Nothing but the lines from the start of the data through the line with "神州数码2023年8月25日" should appear in the answer, each retyped exactly, and pictures should not.

### GIVEN INFORMATION
_ _ _

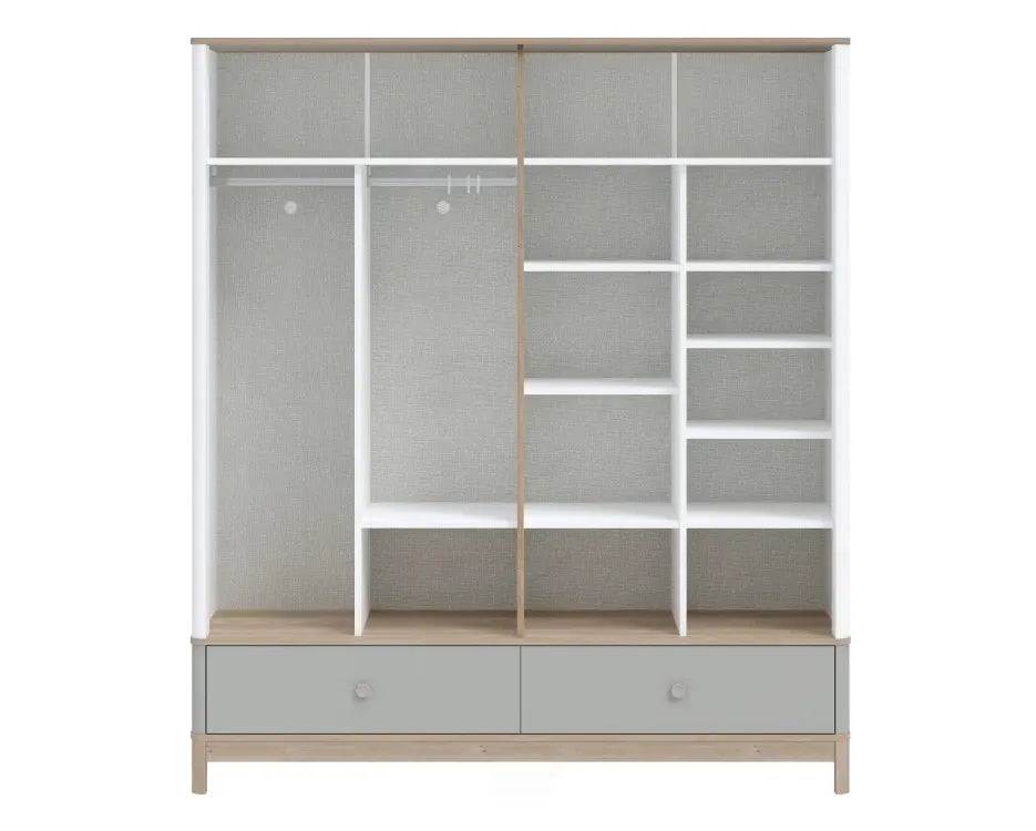 Il Bono Grey Armadio a 4 Ante è una soluzione elegante e funzionale per la cameretta dei bambini e dei ragazzi. Il suo design moderno, dai toni neutri grigio e bianco, si integra perfettamente negli ambienti contemporanei, garantendo ampio spazio di archiviazione e massima praticità.
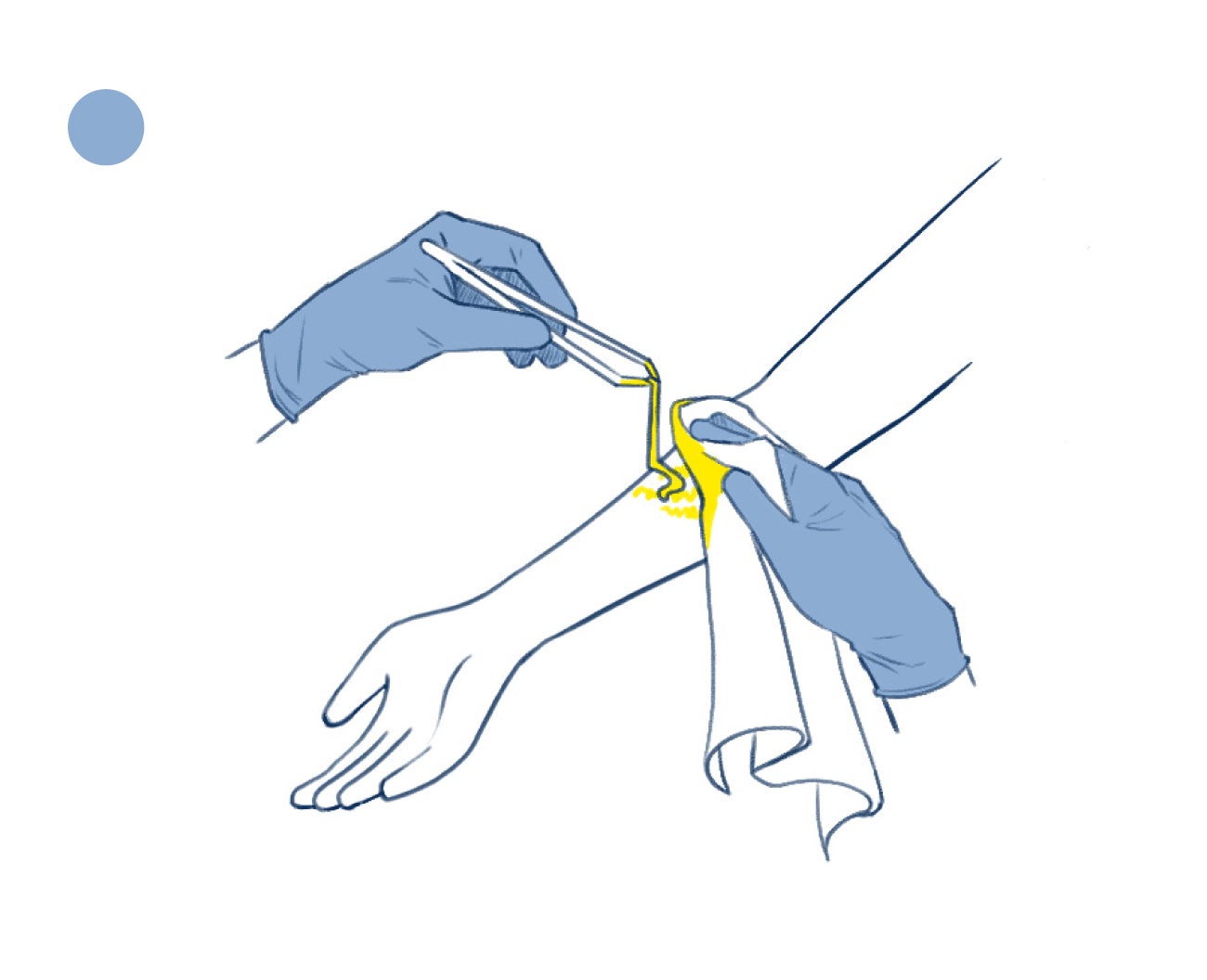 «Hay que retirar los tentáculos que hayan podido quedar incrustados o pegados a la piel. Hacerlo con pinzas y guantes es la opción más higiénica, pero lo más probable es que no se tenga ese material a mano, así que también se puede utilizar alguna prenda de vestir como una camiseta o toalla limpia». Es importante no hacerlo con las manos para no extender la picadura.
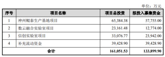 神州数码2023年8月25日披露向不特定对象发行可转换公司债券募集说明书(上会稿),公司本次向不特定对象发行可转换公司债券拟募集资金总额不超过133,899.90万元(含),扣除发行费用后,募集资金拟投资于神州鲲泰生产基地项目、数云融合实验室项目、信创实验室项目、补充流动资金。
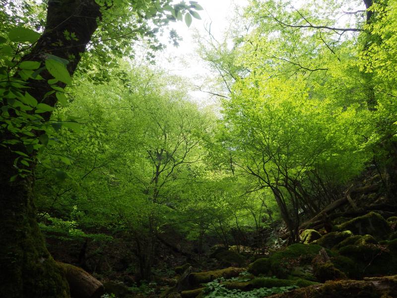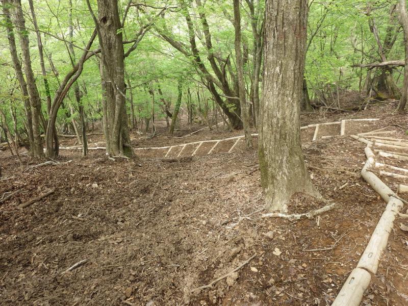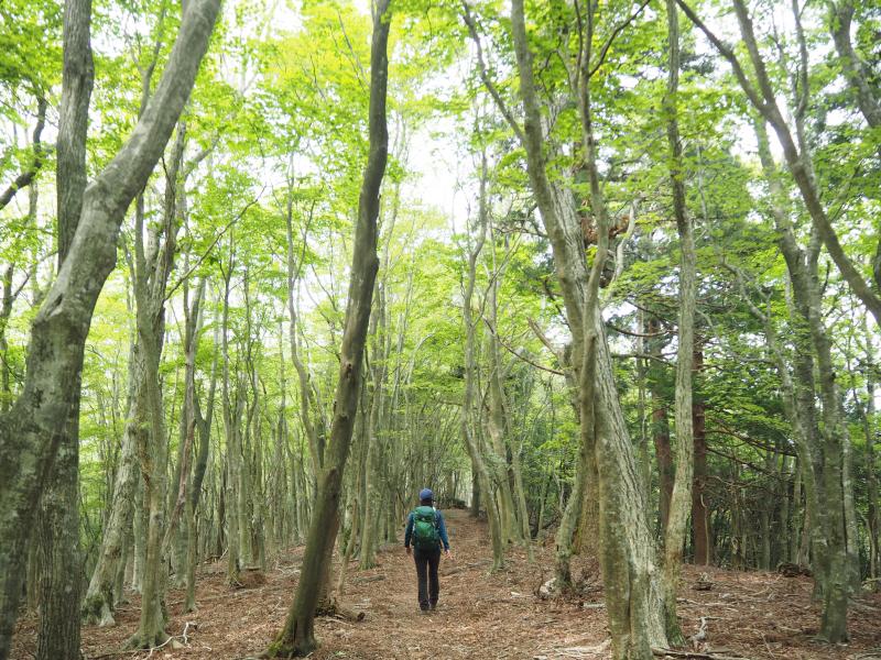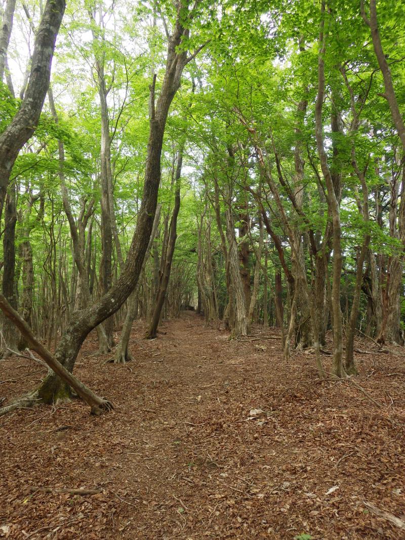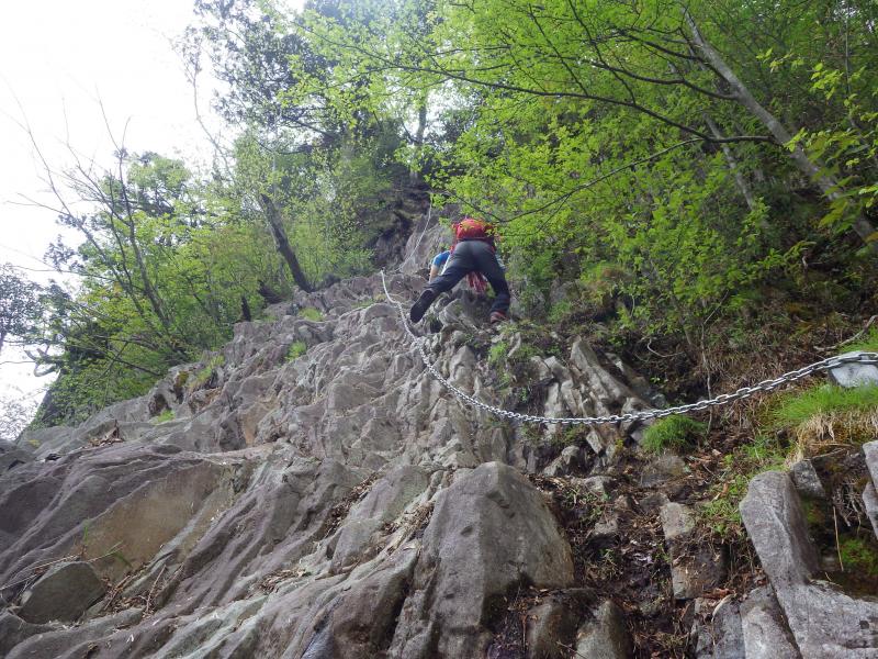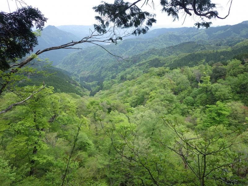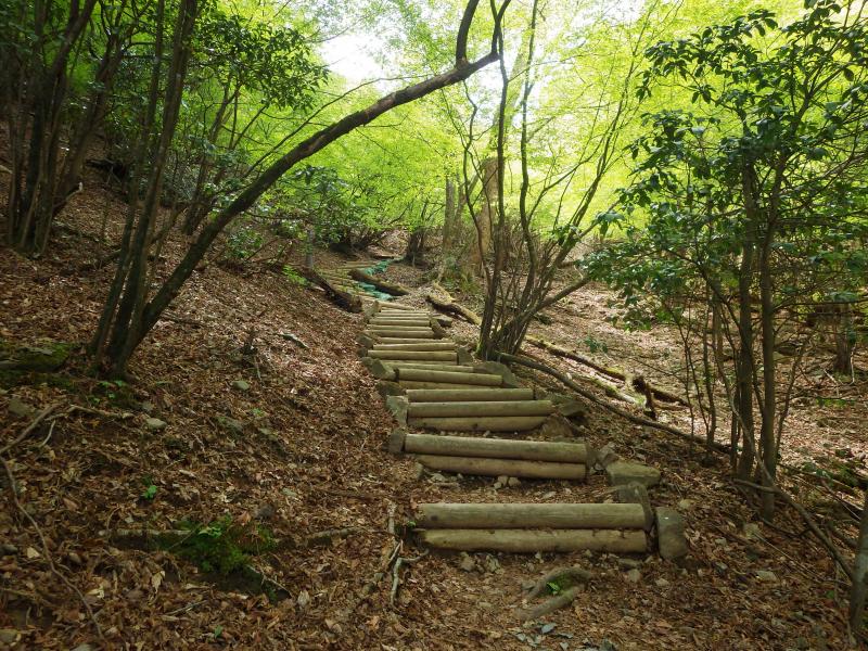 ウグイス谷コースからスタート。林道出合までは緩やかな登りです。今日は青空が広がっていて新緑の緑がとってもきれいです。林道出合から右へ折れてしばらく林道を歩くとベンチ発見。ここからまた登りが始まります。だんだんと急な登りしかも私の苦手な階段が続き息が少し上がってきます。この辺りもとても迫力ある新緑で何度も立ち止まって空を見上げ溜息。きれい、、、そろそろ稜線に着こうかというころ、ちらほらとシャクナゲが見え始めました。ほどなく稜線に到着。笈吊峠にはこれから進む登山道の案内があります。そう、この先に困難な鎖場があるそう。鎖場1、鎖場2、迂回ルート。もちろん鎖場1に挑戦。下から見上げるとまあなんとか行けるでしょう、と思っていたのですが実際登り始めると、、、ん?次はどこに足を置けばいいんだ?とちょっとパニック。下を見るとドキドキ(汗)慎重に三点支持を守って登ります。登り切った場所からの眺めは最高でした(笑)

_ _ _

### ANSWER TO THIS EXERCISE
 Il Bono Grey Armadio a 4 Ante è una soluzione elegante e funzionale per la cameretta dei bambini e dei ragazzi. Il suo design moderno, dai toni neutri grigio e bianco, si integra perfettamente negli ambienti contemporanei, garantendo ampio spazio di archiviazione e massima praticità.
 «Hay que retirar los tentáculos que hayan podido quedar incrustados o pegados a la piel. Hacerlo con pinzas y guantes es la opción más higiénica, pero lo más probable es que no se tenga ese material a mano, así que también se puede utilizar alguna prenda de vestir como una camiseta o toalla limpia». Es importante no hacerlo con las manos para no extender la picadura.
 神州数码2023年8月25日披露向不特定对象发行可转换公司债券募集说明书(上会稿),公司本次向不特定对象发行可转换公司债券拟募集资金总额不超过133,899.90万元(含),扣除发行费用后,募集资金拟投资于神州鲲泰生产基地项目、数云融合实验室项目、信创实验室项目、补充流动资金。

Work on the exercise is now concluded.